Sep 2, 2020

Humoral Immune Response to SARS-CoV-2 in Iceland

Posted by in category: biotech/medical

Severe acute respiratory syndrome coronavirus 2 (SARS-CoV-2), causing coronavirus disease 2019 (Covid-19), emerged in December 2019.1 Seroconversion of most patients with Covid-19 occurs between 7 and 14 days after diagnosis.2,3 A study of 61,000 persons in Spain showed that 5% of the population had formed antibodies against the spike and nucleoproteins and that approximately one third of infected persons were asymptomatic.4 It was suggested that a substantial fraction of those infected become antibody-negative early in the convalescence period.5 Several studies have reported a higher prevalence4 and levels3,5 of SARS-CoV-2 antibodies in severely ill patients than in those with no or mild symptoms.
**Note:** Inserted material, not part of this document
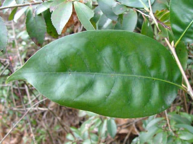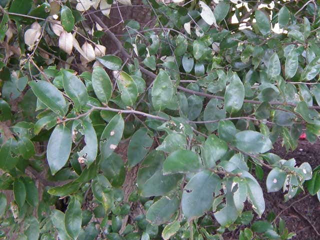 | ▼2007年11月10日 葉の上部に波状の鋸歯。 葉裏は光沢がある。 東忌部 | ||

The infection fatality risk of SARS-CoV-2 is difficult to estimate because the total number of diagnosed and undiagnosed cases is needed as the denominator. The infection fatality risk was reported as 0.4% in a small German town after carnival festivities,6 0.6% on the Diamond Princess cruise ship,7 and 0.66% in China.8

Well-validated serologic assays for SARS-CoV-2 are urgently needed. Several small comparative studies of commercial SARS-CoV-2 antibody assays have been published.9–12 A highly specific assay is required for screening populations with a low seroprevalence, such as that in Iceland.